A consultation on changes to how schools are run "excluded" many parents, according to an umbrella group of parent teacher councils.

The Scottish Parent Teacher Council (SPTC) conducted a survey of its membership as part of its response to a Scottish Government consultation on education reforms.

The organisation said it received around 840 responses.

Parents complained to the SPTC that the consultation was "extremely difficult" to complete with the vast majority of respondents skipping the questions on changes to school governance.

The Scottish Government is proposing to give head teachers more autonomy in running their individual schools as well as creating new regional education boards to work across multiple council areas.

Detailed plans are expected to be laid out by the education secretary John Swinney later this year.

In the introduction to its consultation response, the SPTC said: "While we gathered more than 800 responses, the majority of respondents skipped the questions about the governance review.

"This in itself communicates a great deal about the perspective of parents on this consultation.

"The feedback received regarding the consultation events has similarly indicated that parents who attended (and are therefore by definition motivated and engaged) have generally been left puzzled and feeling excluded from the debate.

"It is ironic that a document which has as one of its stated aims that parents should be more empowered in fact excluded very many parents from participation."

It added: "The consultation presumed high levels of knowledge about the existing governance model in Scottish education and used language which would be familiar only to those working in the sector.

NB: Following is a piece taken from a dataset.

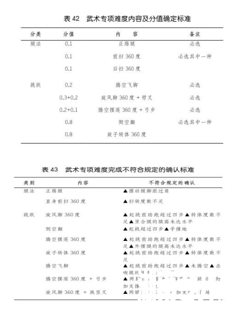 考生必须根据规定选做难度,确认难度完成程度参照《武术

"It is tantamount to expecting a patient with a broken leg to understand the inner workings and operational structures of the various NHS services they might encounter: A&E, orthopaedics, anaesthesia, radiology, physiotherapy to name just a few.

"In reality, we know that the patient relies on the NHS to organise and provide the services needed to treat their injury, just as parents rely on schools and local authorities to organise and provide the educational support their child needs in the school system."

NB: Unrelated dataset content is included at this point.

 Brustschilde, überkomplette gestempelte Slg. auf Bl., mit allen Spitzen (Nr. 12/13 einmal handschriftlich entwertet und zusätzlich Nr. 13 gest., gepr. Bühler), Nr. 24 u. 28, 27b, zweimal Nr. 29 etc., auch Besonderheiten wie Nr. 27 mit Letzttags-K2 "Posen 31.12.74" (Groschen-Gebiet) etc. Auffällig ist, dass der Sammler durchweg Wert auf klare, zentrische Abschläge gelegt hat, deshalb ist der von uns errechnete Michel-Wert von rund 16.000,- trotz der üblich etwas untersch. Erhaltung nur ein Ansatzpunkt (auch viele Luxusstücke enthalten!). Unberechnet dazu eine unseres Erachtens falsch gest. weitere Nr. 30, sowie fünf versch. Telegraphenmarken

The Scottish Government said it is focused on improving the country's education system to raise it to a world leading standard.

A spokesman said: "That is why we are reviewing school governance and over 1000 parents, teachers, head teachers, members of the general public and organisations including local authorities and unions have responded to our consultation which closed on January 6.

"We will consider these consultation responses as we move to put schools and communities at the heart of the education system and ensure that decisions about the life of schools are driven by the schools themselves.

"As part of this process we have already committed to consult on a new Education Bill in early 2017."